The photos on the “Saltsfeature pages are tintypes, which were introduced just before the Civil War. They eventually replaced daguerreotypes, which captured images on silver-plated copper, and became the most popular photography of the last half of the 19th century. Well before the era of the Polaroid, tintypes delivered a finished photo to a customer in just 15 to 20 minutes, if all went well.

John Ellis with Anglers Journal editor Bill Sisson

John Ellis with Anglers Journal editor Bill Sisson

The “film” for my tintypes is a blackened metal plate that I treat first with collodion — a mixture of nitrated cotton, ether, alcohol and metal salts — and then, in a darkroom under a red safe light, with a liquid silver solution. I compose my image through the lens of a wooden large-format camera, put a cap over the lens and load the metal plate into the camera in a special holder while it’s still “wet.” I remove the lens cap for a couple of seconds to get my exposure — the image — on the plate, then immediately develop it with a solution of iron sulfate, making sure all of this happens before the coating dries and the image is lost. Lastly, I fix the plate, wash it and coat it by hand with a varnish.

The process naturally reverses the image, which is why the lettering on Greg’s and John’s suspenders is backward.

Greg Myerson, who holds the world record for the largest Striped Bass ever caught.

Greg Myerson, who holds the world record for the largest Striped Bass ever caught.

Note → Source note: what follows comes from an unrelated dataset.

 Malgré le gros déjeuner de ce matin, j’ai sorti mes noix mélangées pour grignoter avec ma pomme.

I work in tintypes because I’m inspired by both the process and the artistry. A tintype is a physical image. It’s not digitized on a computer or in the cloud. I don’t even have to print it. The exposure is the picture, and each picture I create is unique, a one-of-a-kind object. I control every step of the process from start to finish. Even if the camera breaks, I can fix it. It’s a very simple piece of equipment. If the chemicals go bad, I mix up a fresh batch. I make everything from scratch.

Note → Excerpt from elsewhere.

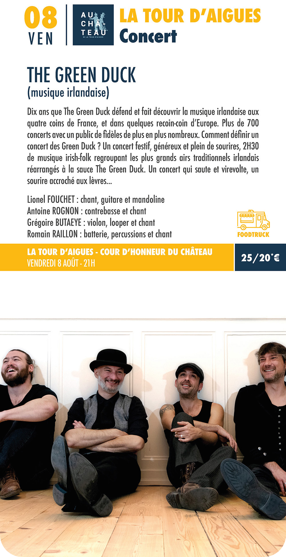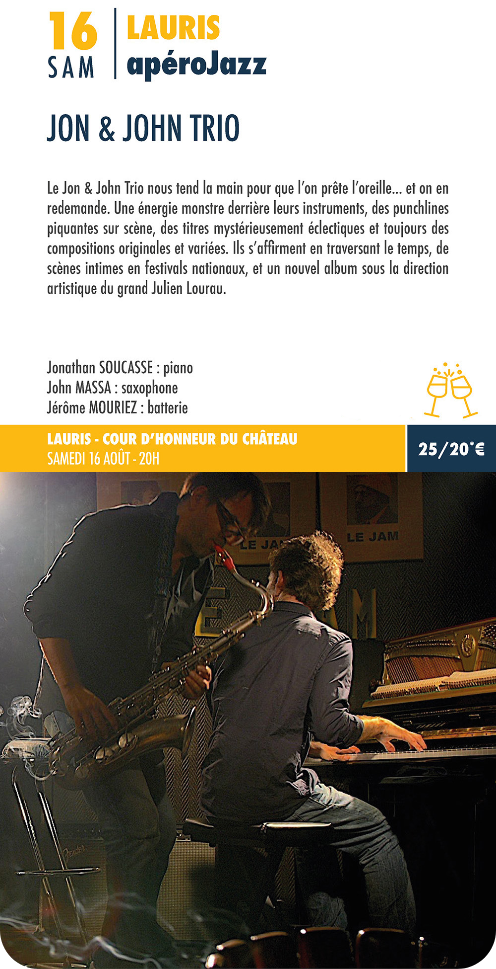 Billet à 6€, sauf le 10 août : 16€, selon les places disponibles, se renseigner à l'entrée...

What I particularly like about tintypes is the direct and intimate bond it forges between photographer and subject. I must see my subject clearly enough that I feel I know the person and can get the best pose and an image reflecting one of the tintype’s strengths: What you see is what you get. A good tintype makes a bold statement. If I pose the subject well and get the lighting and exposure right, the image will reveal a lot about the person in a true, honest way. The tintype allows me to focus on the fundamentals of who the person is. There’s no retouching, no manipulation.

Tintypes enable me to photograph contemporary people using artistry from bygone days. They pay tribute to the past while actualizing the present.